# Mini propane-torch-like lighters



## Steve (Jan 15, 2000)

Does anybody know where to find these things? Does anybody know what I'm talking about? Basically a small lighter with a propane torch like flame that doesn't blow out in the wind. I've looked at Walmart and Meijer. Do you have to go to a place like REI to find them?


----------



## Shoeman (Aug 26, 2000)

Steve,
Gander Mountain had them a while back, as do many Smoke Shops


----------



## ESOX (Nov 20, 2000)

Gander still has them at all the license desks. $14.99 each. I think I buy one every other week. If only they would make them with a built in pager so I could beep all mine...


----------



## Steve (Jan 15, 2000)

Smoke shops, of course... that's where I haven't checked, duh.


----------



## PrtyMolusk (Aug 13, 2000)

Howdy, Steve-

As Ralf noted, they are a popular item at smoke shops.
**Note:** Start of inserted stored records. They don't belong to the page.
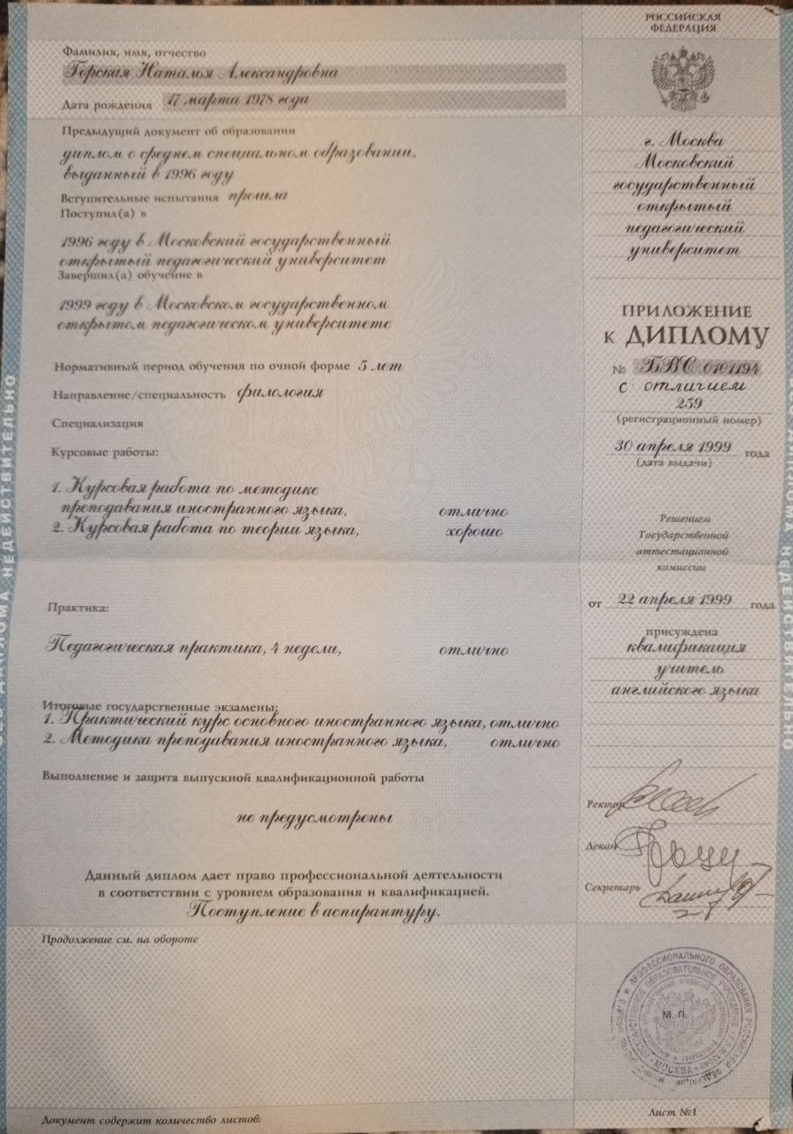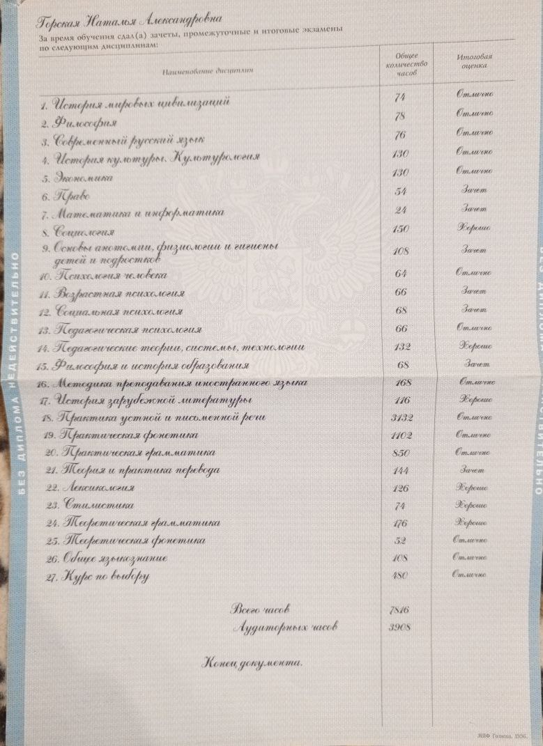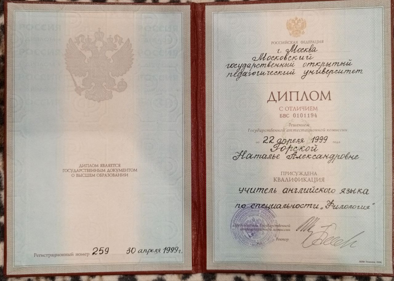 Хотите свободно говорить на английском для успешного общения, карьерного роста или путешествий? Я - Наталья Александровна, дипломированный репетитор с опытом более 30 лет и 1800+ довольными учениками, помогу вам: 👉 Преодолеть языковой барьер. Вы начнете уверенно говорить уже через несколько занятий. 👉 Подготовиться к переговорам и поездкам. Освоите “живой” язык, которым владею на уровне носителя. 👉 Улучшить грамматику и произношение. Поймете времена, избежите ошибок и будете звучать профессионально. 👉 Расширить словарный запас. Изучите бизнес-термины и выражения для уверенного общения. 👉 Повысить навыки письма и чтения. Станете профессионалом в деловой переписке и понимании текстов. 👉 Учиться с интересом. Использую фильмы, игры и интерактивные задания, чтобы обучение стало увлекательным. Что вы получите: ✅ Экономию времени и денег. Быстрая диагностика вашего уровня и адаптация программы под вас. ✅ Полный комплект учебных материалов бесплатно. Экономия до 10 000 рублей на учебниках. Все материалы остаются у вас навсегда. ✅ Прозрачность и стабильность. Фиксированная стоимость занятий — без скрытых сюрпризов. ✅ Уверенность в результате. Вы сможете элегантно выражать свои мысли и производить впечатление. Результат с 0 до А1 за 3 месяца усердной работы у большинства моих учеников! ✅ Пробный урок в подарок. Проверю ваш уровень и предложу индивидуальную программу.
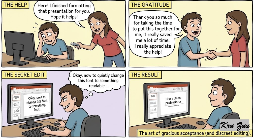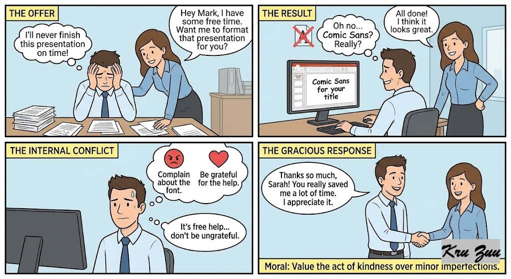 Situation: A coworker offers to format a presentation for you. They do it for free to help you out, but they use a font you don’t really like.
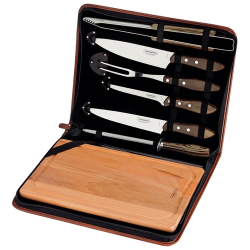 Juego p/ asado 8 pzas. Churrasco Roble Estuche
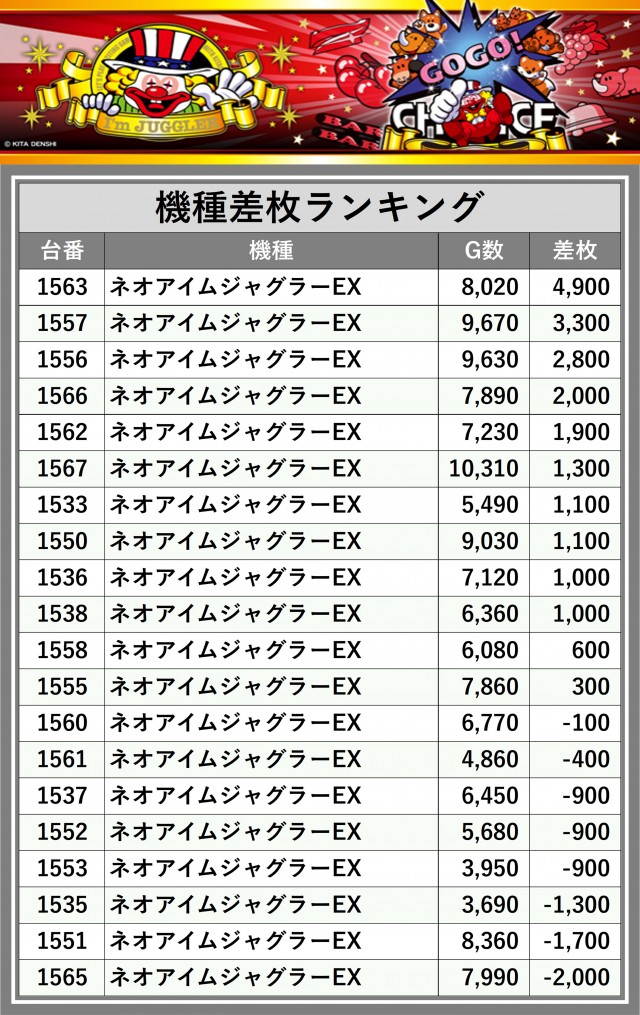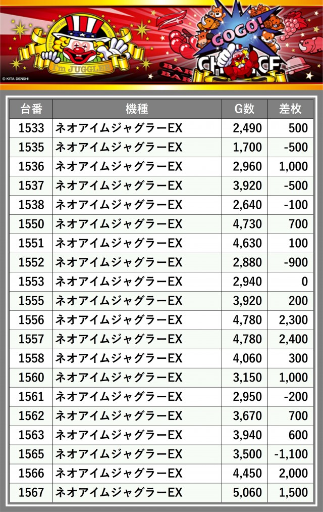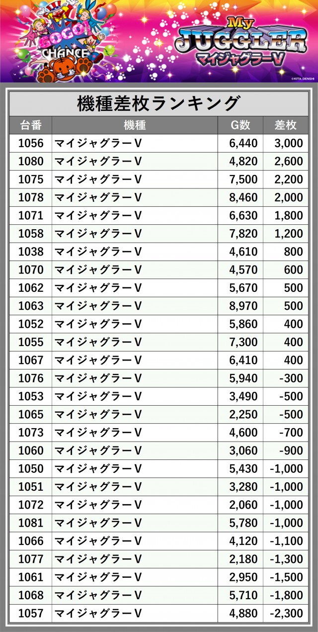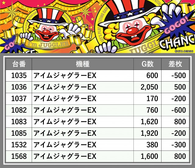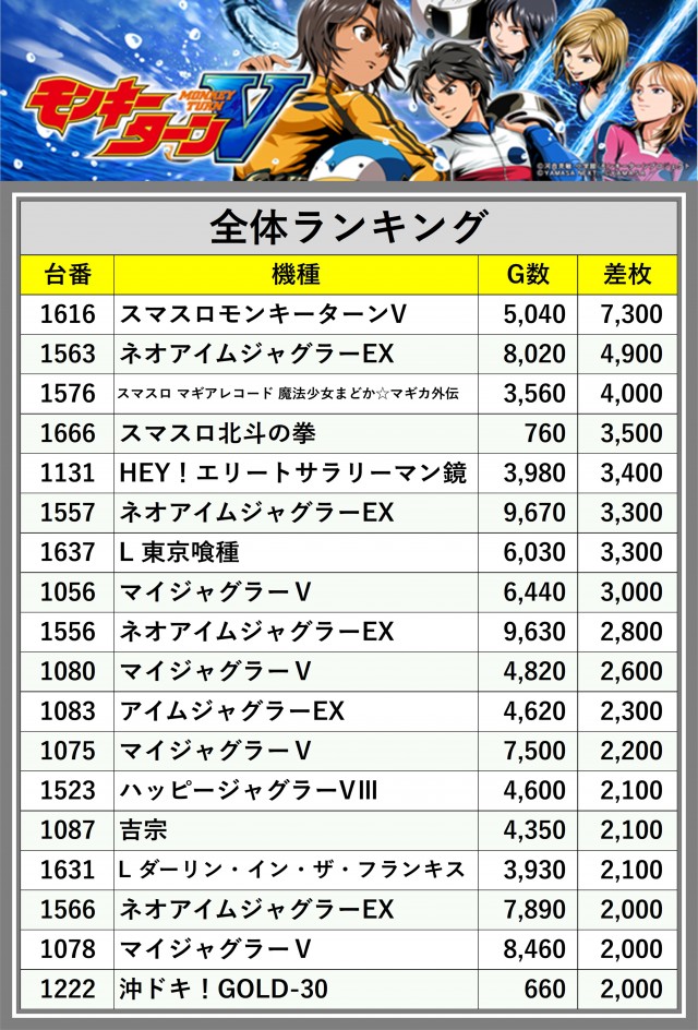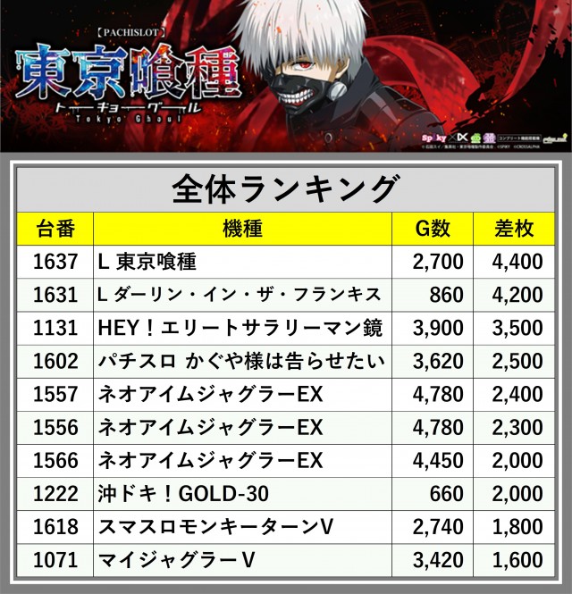 厳選された取材対象機種をはじめ、その他スロット全体から好記録が飛び出した!プレイヤーが楽しんだ1日を下記データにて振り返ってみて欲しい。
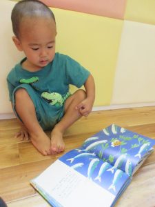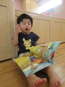 子どもたちも絵本を見ながら
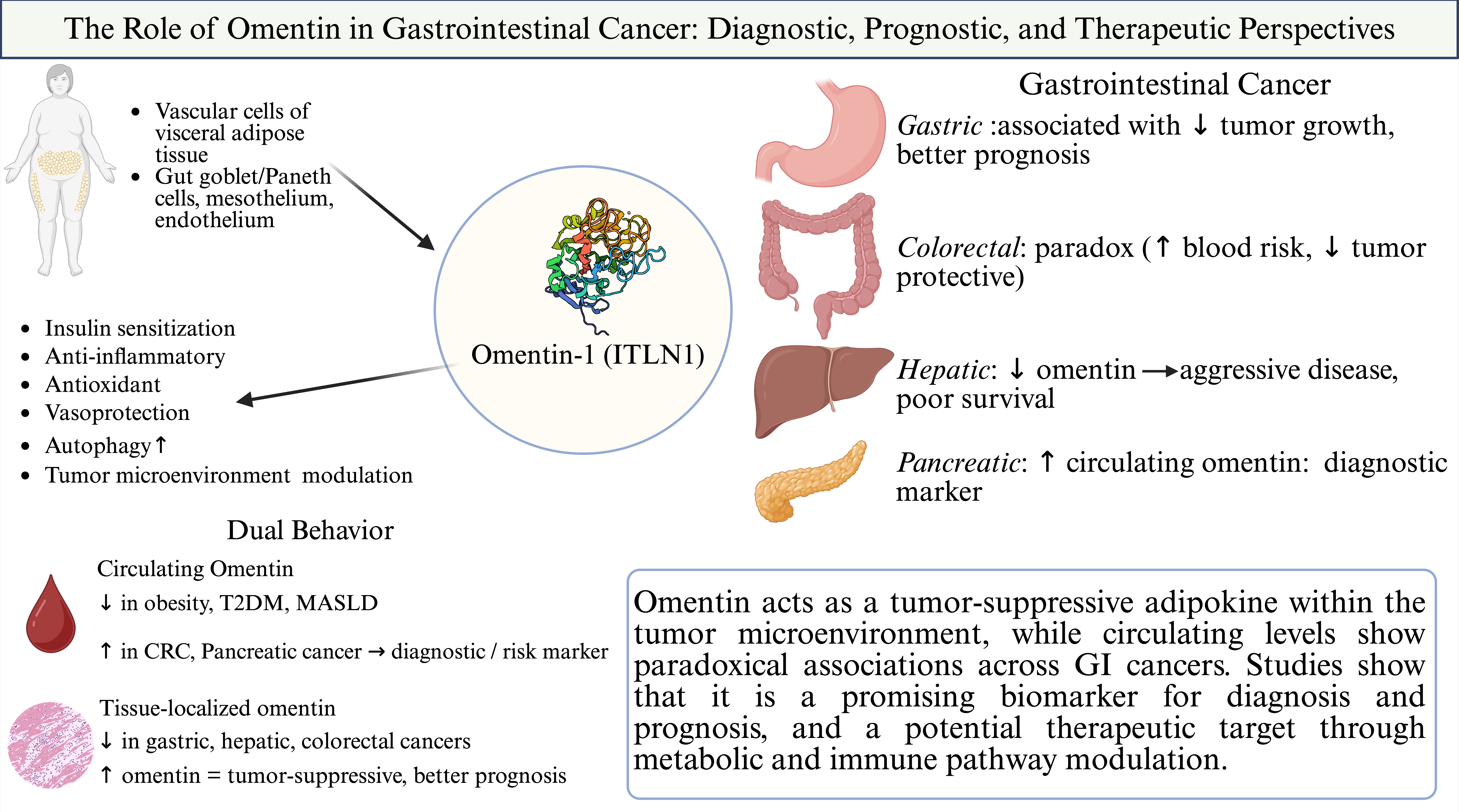 Zhang et al., 2020 [60] | CRC | CRC tissue + SW480 cells | Tumors overexpress omentin-1; secreted in autocrine/paracrine fashion | Context-dependent role | Targeting tumor-derived omentin alters CRC progression |
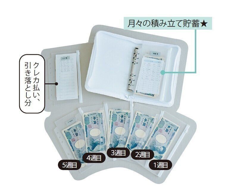 やりくり費はトータルで管理し、週ごとに袋分け。お出かけ予定に合わせて週予算を調整したり、クレカで払ったら現金を取り分けたりすることで、使えるお金を見える化。ムダがゼロに!
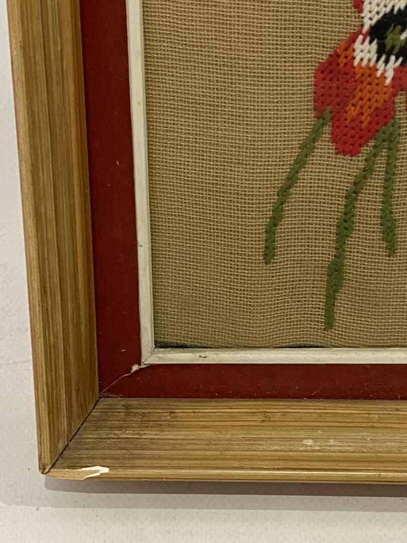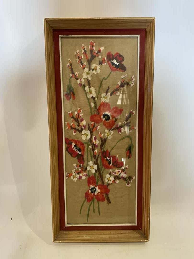Vintage κεντιτός πίνακας με λουλούδια 54×24 με φθορές Κωδικός προϊόντος: #s13856

Ostensibly used for lighting cigars or pipes, they just happen to be ideal for cooking up some crack, too....... 
Aren't "smoking accessories" cool ?


----------



## kroppe (May 7, 2000)

Steve, 

What you are looking for are Colibri lighters. Check this out 

http://www.lucienne-lighters.com/colibri-lighters-quantum-cx-series.html

They look like a pretty cool gadget. What are you doing with it? I just bought a small butane palm sized torch at a hardware store for less than $20. Not sure if the butane torch will do what you need but the Colibri sure looks sweet.


----------



## gunrod (Jan 16, 2001)

I was at Gander two days ago and they were on sale for 9.99.


----------



## Steve (Jan 15, 2000)

I want something I can depend on for a good light outdoors, like to light a propane heater  I do keep wax covered matches in my pack too, but they're not too good in the wind.


----------



## The Nailer (Feb 7, 2000)

Steve-
Gander Mnt, Cabelas, Bass Pro or any cigar shop. They're called torches and work very well. I have a Calibra I use for my nasty cigar habit. But, remember one thing anything propelled by butane will not light well under very cold conditions. You would need to keep it in an inside pocket if you wanted to rely on it for emergencies.


----------